For 31 years, Robert W. Healy has been the most powerful man in Cambridge.
As city manager, he has quietly and firmly changed the face of Cambridge from a city of shuttered factory doors to a thriving hotbed of technological innovation and research. Time after time, the City Council has willingly renewed his contract.
Through three decades of skillful maneuverings, mostly separated from the political fray, Healy has weathered municipal ups and downs in his efforts to maintain financial stability and promote human services.
He prides himself on blending conservative fiscal policy with liberal social values. “If you don’t have fiscal stability,” he says, “you aren’t able to provide an array of services.”
Now approaching his 70th birthday, Healy plans to bring his tenure as Cambridge’s chief executive to an close in June 2013.
As Cambridge’s other leaders turn to the task of replacing Healy, the city has begun to take inventory of the ingredients that made the longtime city manager so effective.
GOVERNMENT WITHOUT THE POLITICS
In Cambridge, the elected City Council hires a city manager, who oversees almost every facet of the municipality.
Since 1940, there have been seven city managers. In the 15 years preceding Healy’s appointment as manager, the average tenure for a manager was just under three years.
Yet over a period almost ten times as long, Healy has made remarkably few enemies.
“Most people that live in Cambridge are grateful to live in such a great city,” says Kathleen L. Born, a former Cambridge City Councillor. “And there’s no way to separate the city from the city manager.”
Carl F. Barron, who for many years served as the president of the Central Square Business Association, lauds Healy’s performance on the job.

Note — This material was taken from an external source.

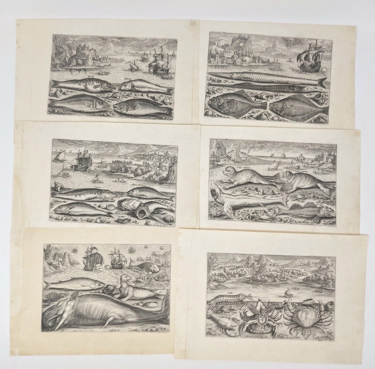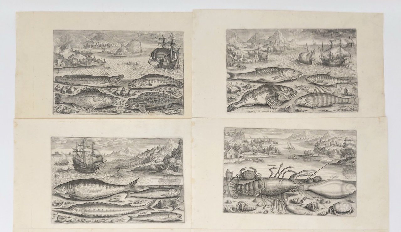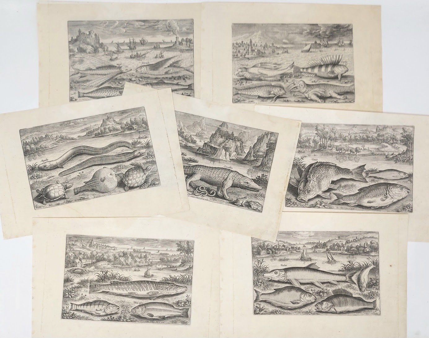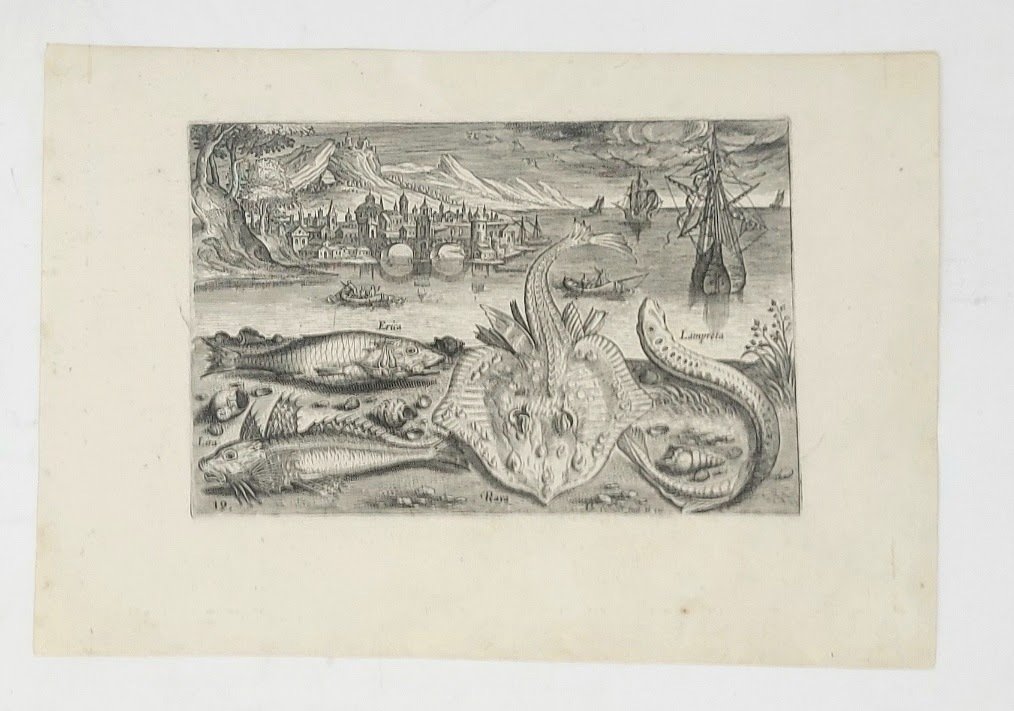Prima edizione di questa famosa raccolta d'incisioni di pesci, balene, tartarughe, testuggini, molluschi, crostacei e coccodrilli. Adriaen Collaert raggruppa la fauna marina in gruppi simili, fornendo a ciascun elemento il suo nome scientifico. Il paesaggio sullo sfondo è tratto dalle vedute montuose e dagli edifici dipinti da Pieter Brueghel il Vecchio. Le conchiglie sparse in primo piano non sono identificate con un nome, nonostante siano fedelmente riprodotte svolgono un ruolo meramente decorativo. Alla fine del XVI secolo, la storia naturale era basata sull'osservazione diretta e la rappresentazione della natura svolgeva un ruolo essenziale nello sviluppo del metodo scientifico.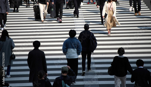 都会の横断歩道を渡る大勢の人の姿

“I think that he’s a top-notch, capable executive who is going to be very difficult to replace,” Barron says.
Talk of Healy’s success as the city manager is widespread, but some citizens have complained that the manager—who according to the Boston Globe makes more than twice as much as the next-highest-paid municipal manager in the state—is not worth the hefty cost of keeping him around. According to a report prepared by Cambridge Day and the Initiative for Investigative Reporting at Northeastern University, he made $336,317 in 2010.
Others are critical of the way he handled the years-long controversy over the firing of Malvina Monteiro, a city employee who claimed she was wrongfully terminated by Healy for complaining about racial discrimination on the job.